Virus Makes Media More Vulnerable To Phishing

Phishing campaigns are increasingly targeting users’ fear and uncertainty over the coronavirus with media brands particularly vulnerable. Employing some basic strategies now can help reduce exposure.

Phishing attacks increase when we are most vulnerable. Not surprisingly, in recent weeks, the COVID-19 outbreak has affected many people around the world. Data has indicated that more and more phishing attack campaigns have targeted or leveraged users’ fear and feeling of uncertainty to engage them in phishing scams.

According to Akamai’s research, some of these phishing campaigns are seizing the moment and are recycling phishing toolkits to make the effort of deploying and launching those campaigns even easier and faster.

Another effect of COVID-19 is the increase of working from home, which leads to the blend of work and personal related use of the same device for employees. As more of these use cases exist, it might lead to a situation where users and organizations are more likely to be exposed to a higher level of risk as the segregation between customer attacks and enterprise attacks fades away.

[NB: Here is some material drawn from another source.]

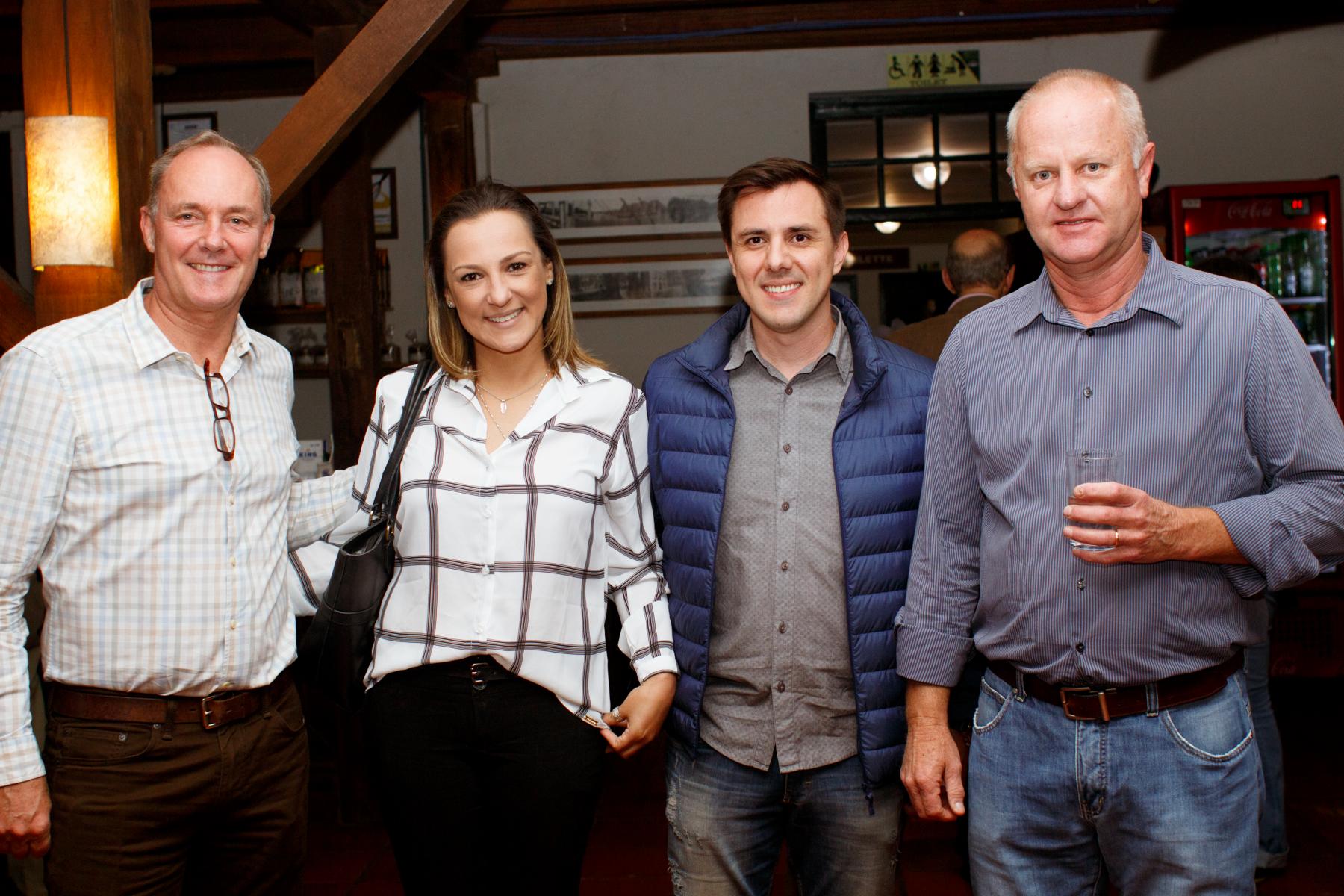 O presidente da Frísia Cooperativa Agroindustrial Renato Greidanus, a coordenadora comercial da RPC Ana Karina Maciel, Jheyson Dareli do marketing da RPC e Gaspar de Geus vice-presidente da Frísia comemoram a parceria em mais uma edição do Natal no Parque.

When it comes to phishing, the most common attack objectives are to lead victims into installing malicious software or stealing victims’ credentials. Both will give threat actors the ability to monetize the scam into selling victims’ valuable information to the highest bidder, which is later abused by other cybercriminals.

Media Brand Abuse

Media brands are known to be abused mainly due to the fact that their customers’ credentials are valuable to merchants on cybercriminals’ marketplaces and can be used to illegally access the stolen accounts.


Another use case for such stolen credentials can be found in credential stuffing attacks where attackers are counting on the fact that individuals are re-using the same credentials over different services. For example, if a given user’s media-service provider credentials are also being used by that user on other web services, once those credentials are stolen, attackers will try to force themselves into as many web services as possible and to try to get access to as many accounts as they can.

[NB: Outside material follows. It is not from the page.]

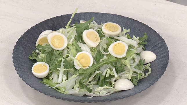 生の白菜と春菊をサラダに使い、みずみずしさを味わいましょう
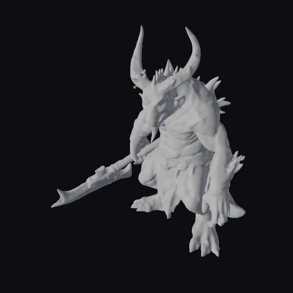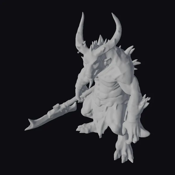 Detailed with precision, this 3D model showcases an albino orc warrior in a crouched position, exuding a sense of readiness and power. The dragon-like head, complete with long, curved horns and sharp teeth, sits atop a muscular orc body clad in detailed leather armor adorned with spikes. The warrior grips a large, sharp weapon, enhancing the overall menacing stance. The model features intricate textures, including scales on the arms and back, suggesting a hybrid creature. Ideal for use in games, 3D printing, VR/AR experiences, animation, and design projects, this model brings a unique character to any project.

Much like other merchants that have different levels of demand over different periods of the year, stolen media-services credentials also have high demand in different shopping seasons. According to research done by Akamai, during the holiday season of 2019, phishing attack victims were on the rise with both ecommerce and media as targeted industries.

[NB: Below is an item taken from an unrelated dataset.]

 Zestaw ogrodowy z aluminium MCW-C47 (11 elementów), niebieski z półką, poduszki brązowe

The fact that both of those targeted industries were leading the growing momentum didn’t come as a surprise. Over that time of the year, consumers generally lower their defenses when looking for bargains, and stolen credentials for ecommerce and media sites become more valuable with increased demand.

Reducing Exposure    

As more and more people are staying at home in the past few weeks, we predict there will be an increase in the demand for stolen media-services accounts. As a result, we will see an increase in phishing attacks that are targeting media-service customers.

Phishing is not a new attack vector, and unfortunately it is not going to die soon. Phishing attacks abuse users when they are the most vulnerable, whether it is their desire to find outstanding deals and coupons or they are concerned and looking for information about COVID-19 outbreak information. In both cases, their chances of engaging with phishing scams will be high and will lead to a higher scam success rate.

There are a number of strategies media businesses can implement in order to ensure their brands and consumers are secure and their organizations as a whole will be less exposed to phishing security risks. These include the following:

  • Apply multi-factor authentication (two-step verification). For example, when consumers try to sign-in on a site, they are required to use a code that was sent to their phones to verify the login attempt. Turning on multi-factor authentication adds an additional layer of defense if their user credentials were stolen.
  • Make sure the brand’s website can detect and block credential stuffing attacks and verify all users as humans and not bots. By doing so, it will help businesses to detect massive credential stuffing attacks, flag the stolen credentials and enable resetting of passwords for those users if needed.
  • Track if the brand is being abused in the wild, making sure it is not abused by phishing attacks campaigns. For example, businesses can collect and process threat intelligence data resources from a range of sources and shut down the phishing sites that are targeting their customers.

Users need to make sure they think twice before engaging with offers that are too good to be true; they also need to make sure that the website in front of them is trustworthy and legit. Above all, they need to make sure their loved ones, colleagues and friends are safe online, and they should avoid opening files that are delivered from unknown sources.

Or Katz is lead principal security researcher at Akamai Technologies.